[
https://issues.apache.org/jira/browse/HDFS-3912?page=com.atlassian.jira.plugin.system.issuetabpanels:comment-tabpanel&focusedCommentId=13453551#comment-13453551
]
Jing Zhao commented on HDFS-3912:
---------------------------------
Suresh's comments in HDFS-3703:
bq. However for the write site, not picking the stale node could result in an
issue, especially for small clusters. That is the reason why I think we should
do the write side changes in a related jira. We should consider making stale
timeout adaptive to the number of nodes marked stale in the cluster as
discussed in the previous comments. Additionally we should consider having a
separate configuration for write skipping the stale nodes.

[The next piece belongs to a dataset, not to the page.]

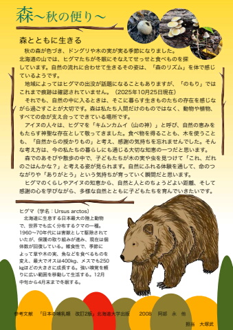 %u68ee%uff5e%u79cb%u306e%u4fbf%u308a%uff5e%u53c2%u8003%u6587%u732e%u3000%u300c%u65e5%u672c%u306e%u54fa%u4e73%u985e%u3000%u6539%u8a022%u7248%u300d%u5317%u6d77%u9053%u5927%u5b66%u51fa%u7248%u3000%u30002008 %u3000%u963f%u90e8%u3000%u6c38%u3000%u4ed6%u68ee%u3068%u3068%u3082%u306b%u751f%u304d%u308b %u79cb%u306e%u68ee%u304c%u8272%u3065%u304d%u3001%u30c9%u30f3%u30b0%u30ea%u3084%u6728%u306e%u5b9f%u304c%u5b9f%u308b%u5b63%u7bc0%u306b%u306a%u308a%u307e%u3057%u305f%u3002 %u5317%u6d77%u9053%u306e%u5c71%u3067%u306f%u3001%u30d2%u30b0%u30de%u305f%u3061%u304c%u51ac%u7720%u306b%u305d%u306a%u3048%u3066%u305b%u3063%u305b%u3068%u98df%u3079%u3082%u306e%u3092%u63a2%u3057%u3066%u3044%u307e%u3059%u3002%u81ea%u7136%u306e%u6d41%u308c%u306b%u5408%u308f%u305b%u3066%u751f%u304d%u308b%u305d%u306e%u59ff%u306f%u3001%u300c%u68ee%u306e%u30ea%u30ba%u30e0%u300d%u3092%u4f53%u3067%u611f%u3058%u3066%u3044%u308b%u3088%u3046%u3067%u3059%u3002 %u3000%u5730%u57df%u306b%u3088%u3063%u3066%u306f%u30d2%u30b0%u30de%u306e%u51fa%u6ca1%u304c%u8a71%u984c%u306b%u306a%u308b%u3053%u3068%u3082%u3042%u308a%u307e%u3059%u304c%u3001%u300c%u306e%u3082%u308a%u300d%u3067%u306f%u3053%u308c%u307e%u3067%u75d5%u8de1%u306f%u78ba%u8a8d%u3055%u308c%u3066%u3044%u307e%u305b%u3093%u3002%uff082025%u5e7410%u670825%u65e5%u73fe%u5728%uff09 %u3000%u305d%u308c%u3067%u3082%u3001%u81ea%u7136%u306e%u4e2d%u306b%u5165%u308b%u3068%u304d%u306f%u3001%u305d%u3053%u306b%u66ae%u3089%u3059%u751f%u304d%u3082%u306e%u305f%u3061%u306e%u5b58%u5728%u3092%u611f%u3058%u306a%u304c%u3089%u904e%u3054%u3059%u3053%u3068%u304c%u5927%u5207%u3067%u3059%u3002%u68ee%u306f%u79c1%u305f%u3061%u4eba%u9593%u3060%u3051%u306e%u3082%u306e%u3067%u306f%u306a%u304f%u3001%u52d5%u7269%u3084%u690d%u7269%u3001%u3059%u3079%u3066%u306e%u547d%u304c%u652f%u3048%u5408%u3063%u3066%u3067%u304d%u3066%u3044%u308b%u5834%u6240%u3067%u3059%u3002 %u3000%u30a2%u30a4%u30cc%u306e%u4eba%u3005%u306f%u3001%u30d2%u30b0%u30de%u3092%u300c%u30ad%u30e0%u30f3%u30ab%u30e0%u30a4%uff08%u5c71%u306e%u795e%uff09%u300d%u3068%u547c%u3073%u3001%u81ea%u7136%u306e%u6075%u307f%u3092%u3082%u305f%u3089%u3059%u795e%u8056%u306a%u5b58%u5728%u3068%u3057%u3066%u656c%u3063%u3066%u304d%u307e%u3057%u305f%u3002%u98df%u3079%u7269%u3092%u5f97%u308b%u3053%u3068%u3082%u3001%u6728%u3092%u4f7f%u3046%u3053%u3068%u3082%u3001%u300c%u81ea%u7136%u304b%u3089%u306e%u6388%u304b%u308a%u3082%u306e%u300d%u3068%u8003%u3048%u3001%u611f%u8b1d%u306e%u6c17%u6301%u3061%u3092%u5fd8%u308c%u307e%u305b%u3093%u3067%u3057%u305f%u3002%u305d%u3093%u306a%u8003%u3048%u65b9%u306f%u3001%u4eca%u306e%u79c1%u305f%u3061%u306e%u66ae%u3089%u3057%u306b%u3082%u901a%u3058%u308b%u5927%u5207%u306a%u77e5%u6075%u306e%u4e00%u3064%u3060%u3068%u601d%u3044%u307e%u3059%u3002 %u3000%u68ee%u3067%u306e%u3042%u305d%u3073%u3084%u6563%u6b69%u306e%u4e2d%u3067%u3001%u5b50%u3069%u3082%u305f%u3061%u304c%u6728%u306e%u5b9f%u3084%u866b%u3092%u898b%u3064%u3051%u3066%u300c%u3053%u308c%u3001%u3060%u308c%u306e%u3054%u306f%u3093%u304b%u306a%uff1f%u300d%u3068%u8003%u3048%u308b%u59ff%u304c%u898b%u3089%u308c%u307e%u3059%u3002%u81ea%u7136%u306b%u3075%u308c%u308b%u4f53%u9a13%u3092%u901a%u3057%u3066%u3001%u547d%u306e%u3064%u306a%u304c%u308a%u3084%u300c%u3042%u308a%u304c%u3068%u3046%u300d%u3068%u3044%u3046%u6c17%u6301%u3061%u304c%u80b2%u3063%u3066%u3044%u304f%u77ac%u9593%u3060%u3068%u601d%u3044%u307e%u3059%u3002 %u3000%u30d2%u30b0%u30de%u306e%u304f%u3089%u3057%u3084%u30a2%u30a4%u30cc%u306e%u77e5%u6075%u304b%u3089%u3001%u81ea%u7136%u3068%u4eba%u3068%u306e%u3061%u3087%u3046%u3069%u3088%u3044%u8ddd%u96e2%u3001%u305d%u3057%u3066%u611f%u8b1d%u306e%u5fc3%u3092%u5b66%u3073%u306a%u304c%u3089%u3001%u591a%u69d8%u306a%u81ea%u7136%u3068%u3068%u3082%u306b%u5b50%u3069%u3082%u305f%u3061%u3092%u80b2%u3093%u3067%u3044%u304d%u305f%u3044%u3067%u3059%u3002%u30d2%u30b0%u30de%uff08%u5b66%u540d%uff1aUrsus arctos%uff09 %u3000%u5317%u6d77%u9053%u306b%u751f%u606f%u3059%u308b%u65e5%u672c%u6700%u5927%u306e%u9678%u4e0a%u52d5%u7269%u3067%u3001%u4e16%u754c%u3067%u3082%u5e83%u304f%u5206%u5e03%u3059%u308b%u30af%u30de%u306e%u4e00%u7a2e%u3002%u30001960%uff5e70%u5e74%u4ee3%u306b%u306f%u5bb3%u7363%u3068%u3057%u3066%u99c6%u9664%u3055%u308c%u3066%u3044%u305f%u304c%u3001%u4fdd%u8b77%u306e%u53d6%u308a%u7d44%u307f%u304c%u9032%u307f%u3001%u73fe%u5728%u306f%u500b%u4f53%u6570%u304c%u56de%u5fa9%u3057%u3066%u3044%u308b%u3002%u96d1%u98df%u6027%u3067%u3001%u5b63%u7bc0%u306b%u3088%u3063%u3066%u8349%u3084%u6728%u306e%u5b9f%u3001%u9b5a%u306a%u3069%u3092%u98df%u3079%u308b%u3082%u306e%u3092%u5909%u3048%u3001%u6700%u5927%u3067%u30aa%u30b9%u306f400kg%u3001%u30e1%u30b9%u3067%u3082250%u338f%u307b%u3069%u306e%u5927%u304d%u3055%u306b%u6210%u9577%u3059%u308b%u3002%u5f37%u3044%u55c5%u899a%u3092%u983c%u308a%u306b%u5e83%u3044%u7bc4%u56f2%u3092%u79fb%u52d5%u3057%u3066%u751f%u6d3b%u3059%u308b%u300212%u6708%u4e2d%u65ec%u304b%u30894%u6708%u672b%u307e%u3067%u51ac%u7720%u3059%u308b%u3002%u62c5%u5f53%u3000%u5927%u585a%u6b66

The more detailed proposal for handling write is:
For writes do not use stale datanodes (if possible). To avoid the scenario
where a small T for judging stale state may generate new hotspots on cluster, T
is proposed to be calculated as:
T = t_c + (number of nodes already marked as stale) / (total number of nodes) *
(T_d - t_c),
where t_c is a constant value initially set in the configuration, and T_d is
the time for marking as dead (i.e., 10.5 min).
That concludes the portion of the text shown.